Wishing assisted suicide was available.

College isn't always necessarily the best times of your life. It can be, if you make it.

If they make it? Fuck you for saying this.

But it's also very stressful. New environments, learning and grades, tests, new experiences, new people. You're in a constant state of unknowing, and for people with depression that can be really hard.

You're grossly understating the problem to the point of being untruthful. The problem isn't a "new environment"; the problem is a bad environment. At most universities no one gives a fuck about you. No one is going to go out of their way to make sure that you succeed. No one is going to lose any sleep if you fail. There are few or no incentives for anyone at the university to proactively advocate for your interests and you have no means of punishing the institution for not doing its job. In other words they're not going to help you and there's no reason for them to. That's the simple truth and pretending otherwise isn't going to help anyone.

There is a systemic issue at play here; our academic institutions are fundamentally dysfunctional, which is to say that they function in a manner that can only benefit a small minority of people. Obviously not everyone who is harmed by these institutions ends up killing themselves, but there are countless others who are harmed. And blaming the psychological make-up of the individual people who are least able to cope with this harm is only preventing the real issues from being addressed.

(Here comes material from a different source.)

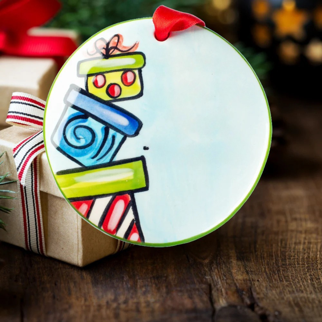 - Shape: Classic disk-shaped flat ornament, perfect for any tree

But many colleges have programs to help those students who suffer from depression. There's a lot of help out there, and you just have to reach out to get it. Reaching out is the first step, and that first step is always the hardest.

No, they really don't. At most places the only substantive help that's available is some extended time on tests and a slightly more lenient withdrawal policy. That's not a lot to someone who is fundamentally being harmed by their environment. Of course everyone should take advantage of whatever resources are available, but let's not pretend they're something they're not.

Don't give up just yet. Seek out other things in college, don't just wait for things to come to you. It might get better. After all, what do you have to lose?

Why is it that whenever one of you anti-suicide people performs these sorts of calculations the pain of living unhappily is never factored into the cost? What someone has to lose is reprieve from a fucking lifetime of suffering; that should be extremely obvious.